ГЛАВА 21Из книги Себастьяны д'Азур

   «К французскому двору — Я встречаю свою королеву — Подготовка к бегству на юг»
 
   Когда слухи о моем возвращении в Париж и о моем богатстве достигли ушей мужа, он послал ко мне слугу со своей карточкой и просьбой принять его. Я перечеркнула имя мужа на карточке и отослала ее обратно, что сильно задело его: во второй раз посыльный от него доставил письмо, в котором таилась плохо скрытая угроза. (Муж был единственным, кто знал о моем происхождении, а его гораздо легче подделать, рисуя портрет, чем утаить, когда оно кому-то известно.)
   Мы встретились в кофейне и имели пространную беседу ни о чем. В конце концов стало ясно: мне нужно его молчание, ему — некая сумма наличными. Сделка могла бы состояться, если бы я не… Alors , когда этот человек осмелился заговорить о сумме денег, которая гарантирует его молчание в течение года (он будет держать меня на привязи, не так ли?), я начала мучить его, причинять ему боль. (Тут, конечно, впервые в жизни сработал мой колдовской дар — тогда я об этом не догадывалась.)
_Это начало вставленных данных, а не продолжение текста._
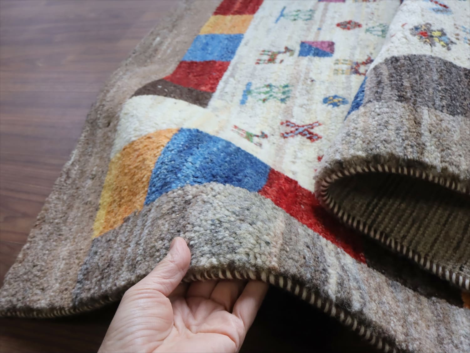 ・手紡ぎ、草木染(または無染色)、ウール100%、手織りのギャッベ。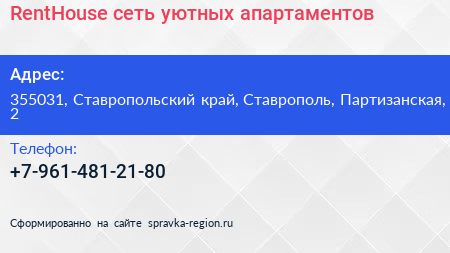 RentHouse, сеть уютных апартаментов по адресу 355031, Ставропольский край, Ставрополь, Партизанская, 2 в дальнейшем Организация, размещена в следующих категориях:

   И вот, когда он извлек из нагрудного кармана некий контракт, я, возмущенная, разгневанная, представила себе, что его сердце зажато в тиски, и с удовлетворением наблюдала, как его руки поглаживают этот самый карман, чтобы унять внезапную резкую боль под ним. Неужели это я ее вызвала? Невероятно! Через мгновение, когда он немного оправился («Месье, не договориться ли нам о сумме полюбовно?»), все внутри у меня вновь раскалилось докрасна: на этот раз я представила себе его красный язык, как я завязываю его в узел, предварительно сняв перчатки. Да, да… он начал задыхаться. Возможно, я и это каким-то образом вызвала. Я была заинтригована и обрадована, наблюдая, как руки мужа сжимают его же собственную толстую шею, а цвет лица изменяется от розового к багровому, а потом белому. Если это и вправду результат работы моей воли, до чего же это удивительное открытие! (Конечно, никакого колдовства тут не было, я только впоследствии задним числом поняла, что сотворила в тот день…) Чтобы обрести уверенность в себе, из мести, да просто ради смеха, я представила себе легкие своего мужа закрывающимися речными шлюзами, и, когда он запрокинулся назад на своем стуле с плетеной спинкой, я обежала маленький столик — все еще верная жена, — рухнула на колени рядом с ним и, приблизив губы к его уху, прошептала: «Ты ведь уйдешь, не так ли? И если будешь упоминать мое имя, то лишь с восхищением?» Лишь тогда, когда он кивнул и прохрипел, что согласен, я встала, закрыла глаза, позволила шлюзам его легких открыться и впустить воздух. Оставив его на попечении незнакомых людей, я незаметно выскользнула из кафе, полностью удовлетворенная, по-прежнему приписывая «успех» своей миссии удаче и тому беспутному образу жизни, который уже давно вел мой муж и следы которого были налицо: его растущий живот, вишневый нос, затрудненное дыхание.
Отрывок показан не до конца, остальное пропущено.